Ricapitalizzazione subordinata alla liquidazione delle imprese finanziate
Questa possibile politica di aiuti da parte dell’autorità di regolamentazione e controllo può seguire due diverse linee guida. La prima prevede la costruzione di una relazione lineare attraverso il pagamento da parte dell’autorità di regolamentazione di un importo fisso per ogni credito non performing messo in liquidazione dal manager della banca. Tuttavia non si eliminano i problemi legati al moral hazard, essendo le banche ancora incentivate a dichiarare una percentuale maggiore di prestiti inesigibili nel loro portafoglio: maggiore è il numero di crediti insoluti e più alti saranno gli aiuti monetari ricevuti. Si assiste quindi ad un’eccessiva capitalizzazione.

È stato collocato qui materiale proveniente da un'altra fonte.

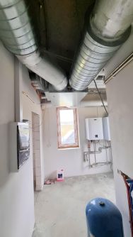 Установлено вентиляционное оборудование с рекуператором. Установлен канальный кондиционер для столовой.
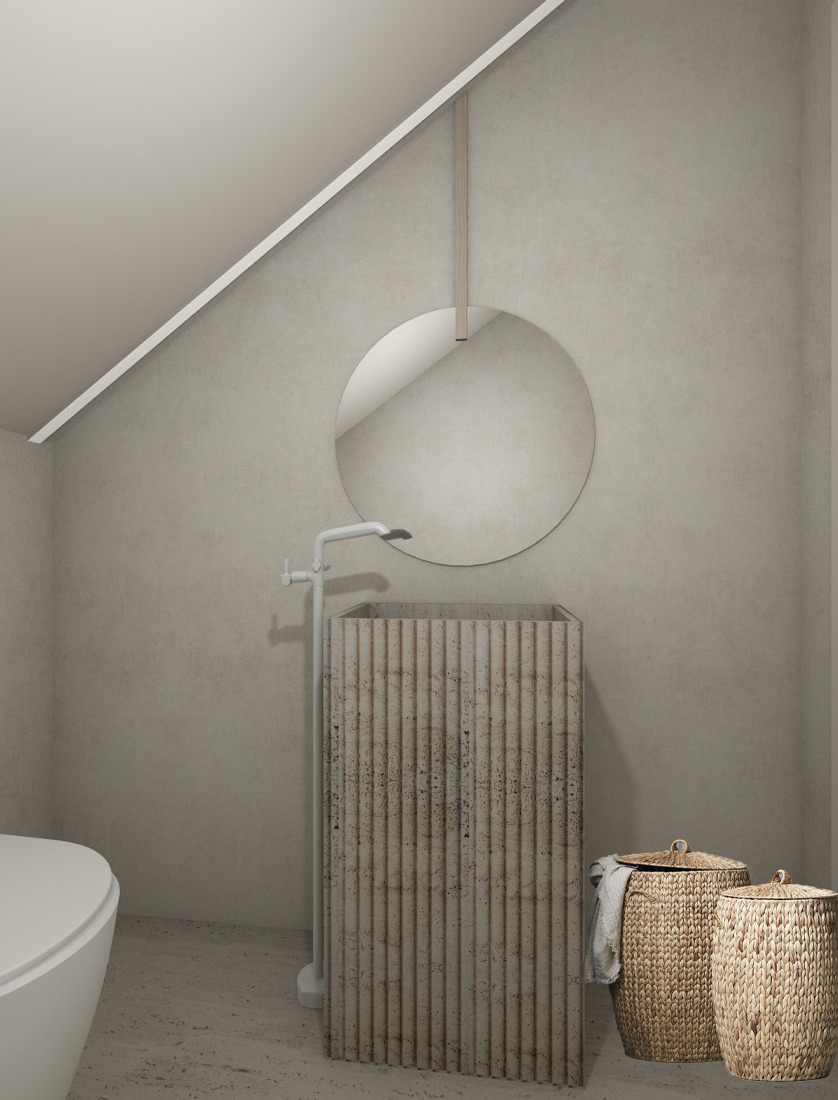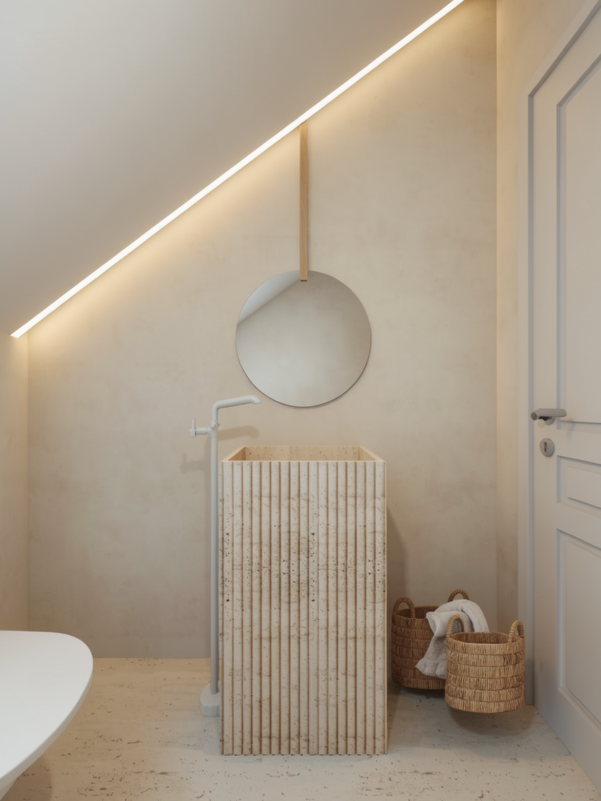 the space is illuminated exclusively by a linear light fixture integrated into the sloped ceiling the fixture has a slim 3 cm profile and provides soft even lighting that gently fills the space it is the only light source in the room the sink is made of travertine marble with a front surface featuring subtle linear grooves adding texture and depth the wall is finished in a light beige microcement there is a circular mirror slightly larger in scale enhancing the sense of space above it a thin vertical wooden slat extends from the top of the mirror up to the ceiling adding a subtle architectural detail on the right side there are woven straw baskets placed directly on the floor the overall atmosphere is calm minimal and refined with natural materials and a clean architectural aesthetic
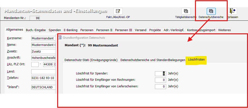 Am schnellsten über Menü Mandant / Stammdaten / Datenschutzbereiche / Löschfristen
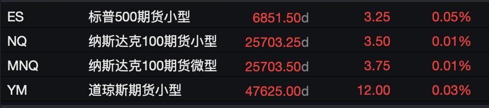 - 美股指期货集体小幅上扬,标普 500 期货涨 0.05%,纳斯达克 100 期货涨 0.01%,道琼斯期货涨 0.03%
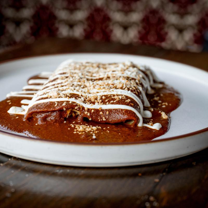 Served with crema & cheese, Mexican rice (VE) or lime-cilantro rice (VE), refried (VE) or black beans (VE) • Choice of: Chicken $23.00 | Shrimp $26.00 | Roasted Vegetables $23.00
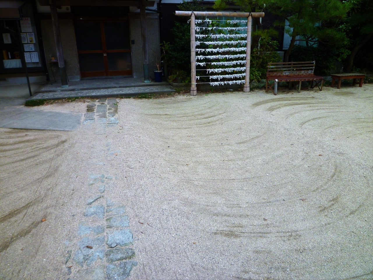 `勝海舟断食之跡`を見たさに[東叶神社]の奥山に登りました。 さて`跡`を見終わって東叶神社の拝殿にお礼の参拝し、振り返ると(出口へ) なんと参道に竹箒で枯山水の模様が!(入口時は気付かなった) つい最近のTVで`銀閣寺の参道には朝早く竹箒で枯山水の模様が!/参道は見学者が踏みしめて通るので知らないのはもっともですが,,`と感動したあとに,,,この[東叶神社]も,,。(もしかして見学者には黙って全国の神社は竹箒を,,?)
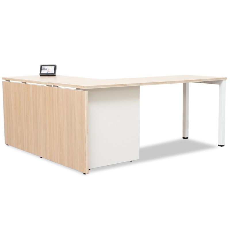 Respecto al ala, será en el mismo acabado que elija para el tablero principal y como soporte final, se puede elegir una cajonera pedestal con 4 cajones y un plumier o una cajonera pedestal con 2 cajones, 1 archivo y un plumier. En ambos casos, el plumier lleva cerradura con la que se cierran todos los cajones. Si prefieres la mesa sin cajonera, se servirá con un pie individual.
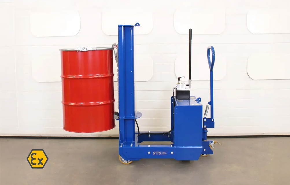 The stainless steel drum mover has a unique design that straddles a pallet from one side. The central lifter body goes over the top of the pallet enabling you to lift drums located on all four corners of a pallet.
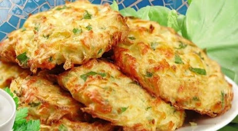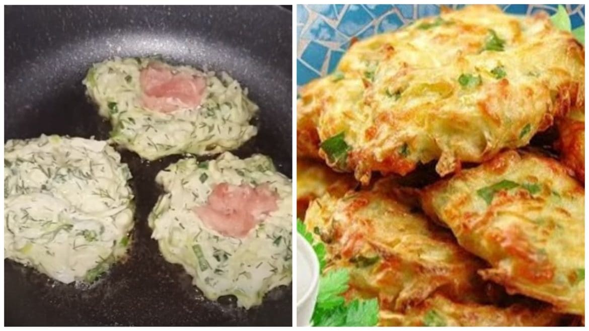 Įkaitinkite augalinį aliejų keptuvėje. Su šaukštu paimkite reikiamą kiekį tešlos ir suformuokite plokščius pyragėlius. Viduryje kiekvieno pyragėlio dėkite šaukštą faršo ir uždenkite tešlos laiveliu. Stenkitės gerai uždaryti pyragėlius, kad įdaras neišbėgtų kepant.
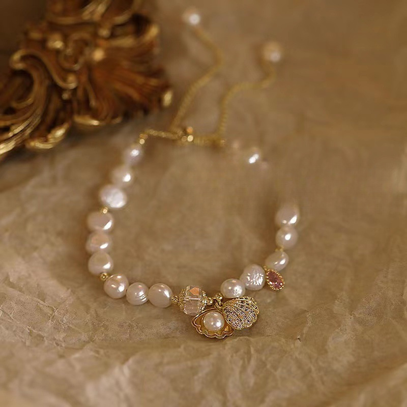 本格貝殻水晶淡水真珠ブレスレット2024年新型軽豪華小衆レトロファッション個性高級感
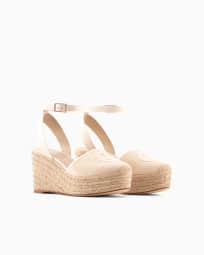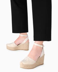 Espadrillas in cotone con zeppa e logo ricamato

L’alternativa è rappresentata da una relazione non lineare: l’autorità provvede al pagamento di un importo fisso tL per i prestiti liquidati al di sopra di una soglia
prestabilita; al di sotto di tale livello gli aiuti concessi assumeranno un valore tH maggiore
del precedente. È possibile individuare una soglia tale da consentire l’efficiente liquidazione delle aziende in default e quindi raggiungere la massimizzazione dell’utilità sociale. Al fine di ciò basterà impedire l’eccessiva liquidazione dei prestiti da parte del manager della banca imponendo il valore tH minore dell’importo minimo recuperabile dai
prestiti non esigibili, perché altrimenti gli amministratori sarebbero incentivati a comportamenti scorretti. In più il valore tL dovrà essere tale da scoraggiare le banche che
si trovano nei primi due stati del mondo, quelli migliori, a partecipare alla ricapitalizzazione e a tal fine dovrà assumere valore nullo.
Questa politica permette di superare le inefficienze delle modalità di intervento viste in precedenza, tuttavia vi sono casi in cui anche questa forma di aiuto non riesce a superare la presenza di informazione nascosta. Ad esempio nel caso di una marcata eterogeneità dei prestiti non performing con differenti valori di liquidazione per ogni prestito.
L’autorità di regolamentazione si trova di fronte a un duplice dilemma: innanzitutto dovrà decidere se procedere o meno alla ricapitalizzazione e poi individuare quale politica applicare per massimizzare l’utilità sociale. L’obiettivo primario del regolatore è quello di evitare corse agli sportelli, in modo da non esporre il sistema finanziario a possibili shock. Egli interverrà nel salvataggio di una banca qualora si presenti una reale minaccia di prelievo massivo da parte dei risparmiatori, in seguito alla diffusione di notizie circa le difficoltà di alcuni istituti
59 bancari. Allo stesso tempo egli deve fare attenzione al presentarsi del problema del moral hazard: banche non in dissesto potrebbe mentire sulla loro salute per ottenere risorse di capitale in surplus. Estendendo l’analisi precedente su tre periodi, si nota che la decisione di intervento da parte dell’autorità diventa fondamentale nell’individuazione della presenza di asimmetria informativa. Infatti dal suo comportamento emerge la percezione che ha del costo di bail out. Se le banche riconoscono un atteggiamento restio all’immissione di ricapitalizzazione da parte delle autorità saranno frenate all’applicazione di comportamenti scorretti: se l’autorità ha un alto costo di intervento difficilmente concederà aiuti monetari in tutti i casi di difficoltà dichiarati e alcune banche potrebbero restare razionate dalla distribuzione di liquidità straordinaria. Viceversa un’autorità che concede aiuto a tutti gli istituti che ne fanno domanda si costruirà una reputazione di bassa percezione dei costi di ricapitalizzazione, spingendo maggiormente le banche a sfruttare il vantaggio informativo in loro possesso.